After I published my second novel in October 2018, I started looking at my earlier paintings. Dance paintings and others that I like very much. Some of them are in my private collection. I also viewed some of my early abstracts on wood. I had not seen them for quite a while. Bit by bit I rediscovered my playfulness. But not only because of viewing my earlier paintings. Much more because of my second novel as I let my fantasy run wild while writing it and created in my opinion a miraculous extraordinary piece of work.
With my second book finished and fuelled with new creative and playful energy it was clear what my main project for the break between the exams of my third and the start of my fourth semester would be. Paint, brush and canvas were put back to work and I created my dance painting no. 823 Tanzen! 2.19 during the following weeks.
Dragiputz, art studio dragon, chief of security and appointments.
If you dial my number, Dragiputz may answer the phone. As chief of security and appointments he keeps my phone often to himself. But don’t worry if no one answers. Dragiputz is probably dancing. As when no one is looking Dragiputz likes to dance to the ringing tune. Luckily my phone has an answering machine.

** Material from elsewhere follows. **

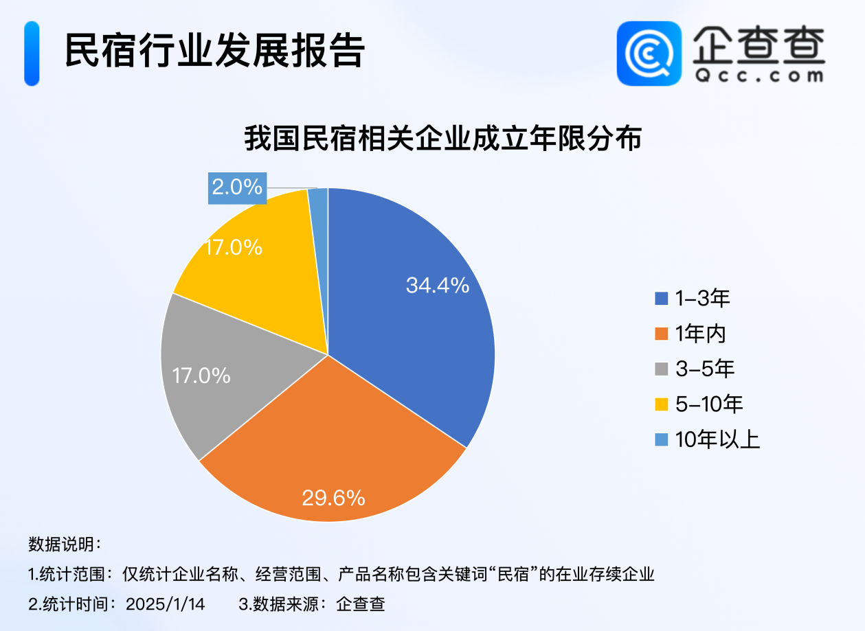 企查查数据显示,我国现存32.3万家民宿相关企业。成立年限上,我国超六成民宿相关企业在3年内成立,其中成立1-3年的企业最多,占比34.4%,成立1年内的企业占比29.6%;成立10年以上的企业最少,占比2.0%。

I know Dragiputz, my art studio dragon, since childhood. He is a very loyal dragon. For many, many years he hid in my parent’s attic. Some years ago, I helped my parents to clean the attic, Dragiputz saw his opportunity and sneaked down into the laundry room. As he is a very curious dragon, he climbed into the washing machine but not without turning it on beforehand. He enjoyed the ride. But as it was quite exhausting, he decided to rest for the following years on a rocking chair with view on Mount Pilatus.
In 2018 I moved from Rheinfelden back to Horw near Lucerne. One morning thereafter Dragiputz was standing in my art studio and proclaiming that from now on he will be my chief of security. Any protest was useless. He decided that one of my bar stools would be his new dragon’s horst as the view was perfect from there. To make it more comfortable he “found” a pillow and claimed it as his own.

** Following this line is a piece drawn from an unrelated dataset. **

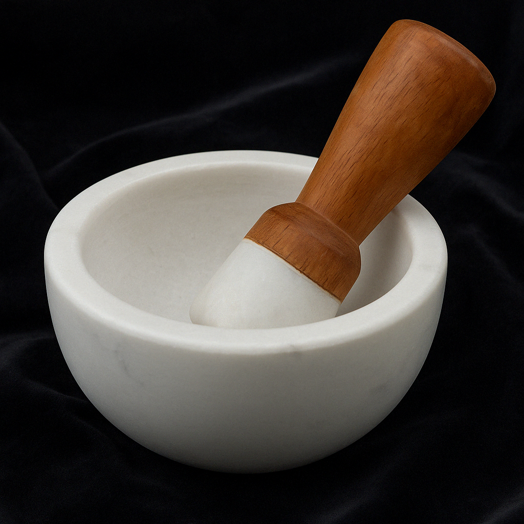 Mortar carved from pure white marble. A sacred tool for rituals, ancestral kitchen work, and everyday alchemy.

Nowadays he likes sitting on his dragon’s horst for hours and hours to come enjoying the view on Mount Pilatus and Lake Lucerne.
Back in 2008, I graduated from the Schweizerische Hotelfachschule Luzern and was looking for a job. Besides writing applications, I decided to create some art. The goal was, to create not just a sketch like I did mostly before but to create art in a quality someone may would pay money for. I had the first ideas for E‘ FANTI BA‘ during my last semester and it seemed a great idea to create it for real. So, I started. E‘ FANTI BA‘ is a mosaic. I decided to craft all pieces by hand. A bit later I noticed that I had to craft a lot, really a lot more pieces than I thought. More than 14’000. But I did it and completed E‘ FANTI BA‘, my painting no. 1, some months later.
But how should I sell it? I offered it for a small fortune on an auction site. And then it happened, … a billionaire bought it for tenfold the asking price, … ;) …, no, you wish, …, you can still view it at my art studio. At least for now. There may be one of those legendary billionaires stopping by and buying E‘ FANTI BA‘ for his or her living room soon.
If you are speaking German I recommend you to switch to the German version and read the full story about E‘ FANTI BA‘. In short: E‘ FANTI BA‘ is not only an artwork, it is supposedly the only existing evidence of E‘ FANTI BA‘ the celebrated spa for elephants run by elephants and forbidden for humans. Unfortunately, it’s supposed location is long lost. But luckily you can still get an impression of it by viewing my mosaic E‘ FANTI BA‘.